Kim Jong Shin learned Japanese while hauling fish to market part time, stewing in hot springs and touring 350 historical sites in all 47 prefectures.

As part of an executive grooming program for South Korea’s high-tech giant Samsung Group, Kim spent a year in 1992 soaking up Japan’s history, culture and language on company money. He then returned in 1995 to head Samsung Japan Corp.’s new business development division.

Touring western Japan shot down Kim’s preconceptions of all Japanese as modest and shy. He learned that people used different words for “sorry” and “thank you,” that outside Tokyo, there was a very different Japan that could be loud, obnoxious or friendly.

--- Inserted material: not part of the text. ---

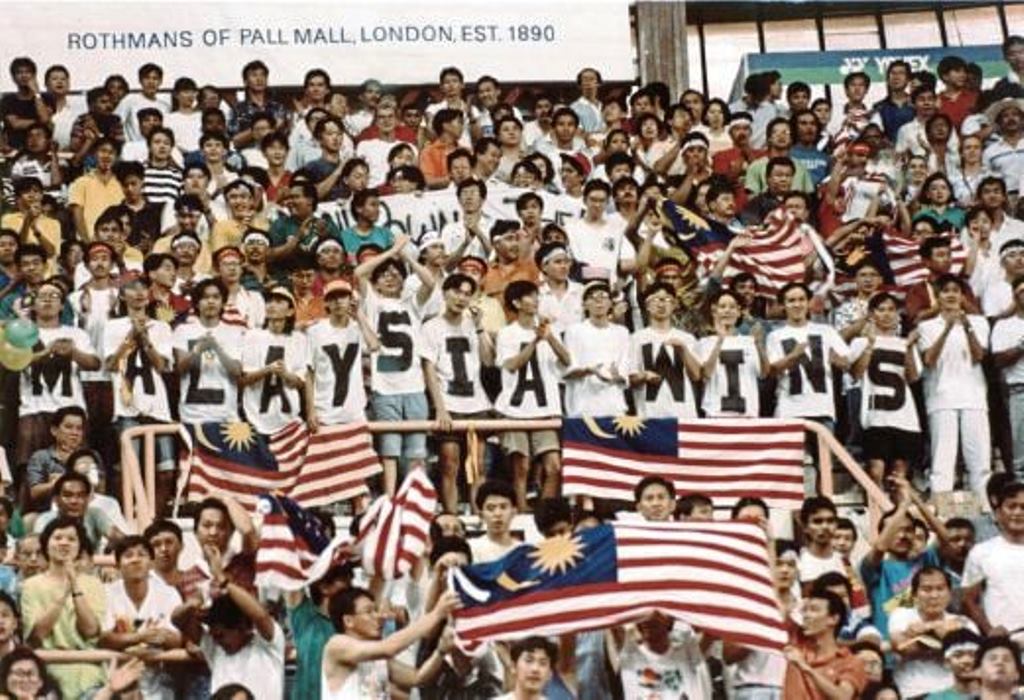 Kegembiraan penonoton di Stadium Negara ketika skuad badminton Malaysia menumpaskan Indonesia pada final Piala Thomas 1992. Kredit foto : Harian Metro.

Tokyo continued to surprise him, though. He talked with women who danced on stage in miniskirts at the then-flourishing disco Juliana Tokyo to try to understand why they exposed themselves.

“I learned how diverse Japan is, how strange it is sometimes,” he said, “and I came to love the country for what it is.”

Kim is now president and chief executive officer of Samsung affiliate GameOn Co., based in Tokyo. The company designs real-time games played on computers and mobile phones. South Korean and Japanese game players and programmers are linked online.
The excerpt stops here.